Mengenang Kematian Soe Hok Gie 48 Tahun Silam, Aktivis Muda, Penyair Muda yang Mati Muda

Soe Hok Gie, seorang aktivis Indonesia keturunan Tionghoa turut andil dalam penurunan kekuasaan Orde Lama.

wikipedia.org

TRIBUNKALTIM.CO - Jika masih diberi umur panjang, kini ia sudah pasti cukup renta.

Soe Hok Gie, seorang aktivis Indonesia keturunan Tionghoa turut andil dalam penurunan kekuasaan Orde Lama.

Sebagian besar, malah mungkin seluruh aktivis kampus masa kini pun tahu benar siapa Gie --sapaan akrabnya.

Tepat pada hari ini, hari kelahirannya, 17 Desember 75 tahun silam. Gie merupakan anak ke empat dari lima bersaudara.

Lulus SD, Gie masuk sekolah menengah pertama, SMP Strada di Gambir.

Ada kisah unik saat Gie duduk di bangku kelas 2 SMP. Kenaikan kelas tiga, pihak sekolah menyatakan bahwa Gie tidak naik kelas dengan alasan prestasi Gie yang buruk sekali.

Namun, alasan sebenarnya adalah karena Gie selalu melawan gurunya, dan angka-angka nilainya dikurangi.

Akhirnya Gie pindah sekolah di sekolah keristen di Jakarta, kebetulan sekolah mengizinkannya naik ke kelas tiga. Selesai menempuh pendidikan SMP, Gie dinyatakan lulus dengan nilai di atas rata-rata.

Gie menamatkan pendidikan SMA di Kolese Kanisius jurusan sastra, dan memperdalam ilmu tersebut.

Bahkan ia juga tertarik dengan ilmu sejarah yang menjadi cikal-bakal kesadaran berpolitiknya, serta kritis dan tajam dalam menulis tulisan-tulisan catatan perjalanan.

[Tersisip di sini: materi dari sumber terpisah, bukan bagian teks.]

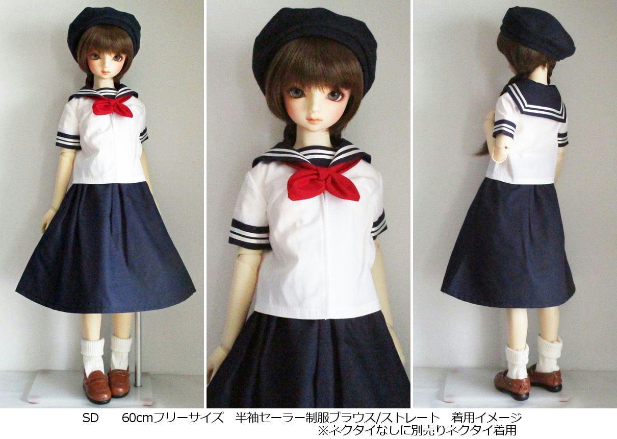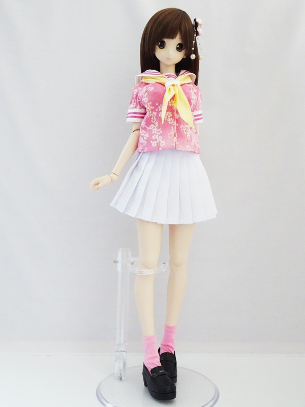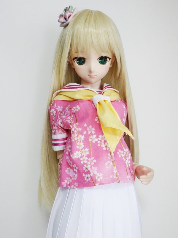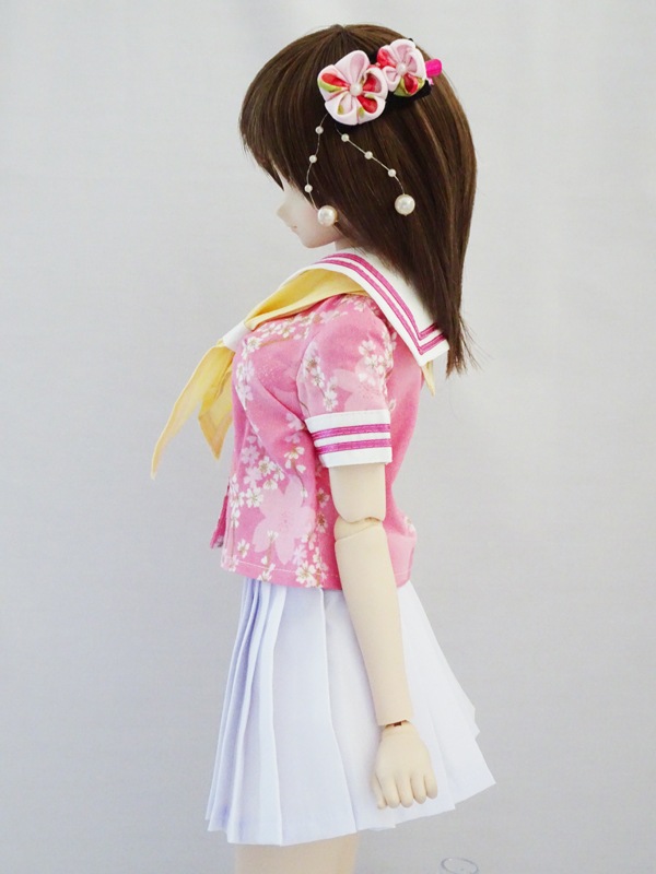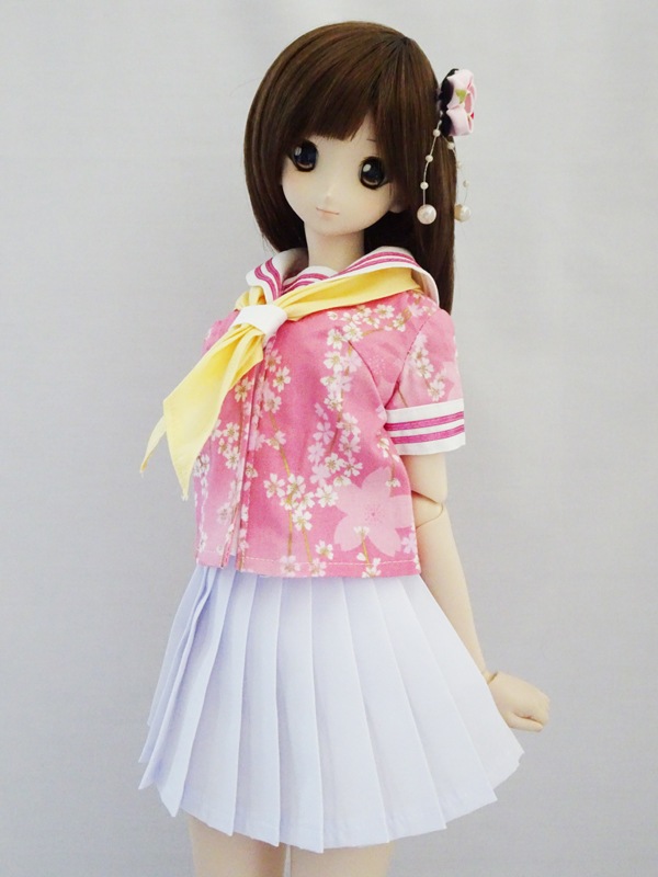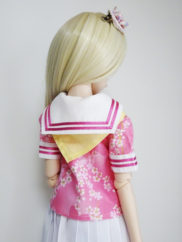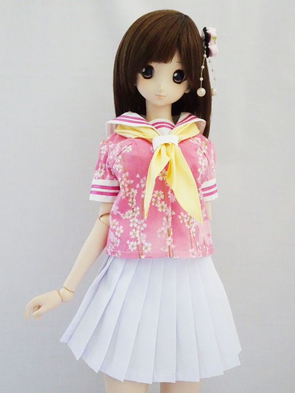【単品/制服コーデ】DDS/DD/DDdy/SD/スマートドール 半袖セーラー制服ブラウス/ストレート/三角ネクタイ付(和柄桜)

Usai tamat SMA, Gie melanjutkan pendidikannya di Universitas Indonesia (UI), Fakultas Sastra, dan mengambil jurusan Sejarah. Mulai dari sinilah, Gie aktif menjadi aktivis kemahasiswaan.

Namun, pria kelahiran Jakarta ini mati muda. Bukan karena keterlibatannya sebagai demonstran, tapi ia dipanggil yang Kuasa dalam pendakian menaklukan puncak Gunung Semeru pada 16 Desember 1969 diusia 26 tahun.

Gie Sebagai Aktivis Mahasiswa

Berkas:Soehokgie.jpg

Saat remaja Gie sudah diuji pemahamannya tentang sejarah, politik, ekonomi Indonesia kala itu.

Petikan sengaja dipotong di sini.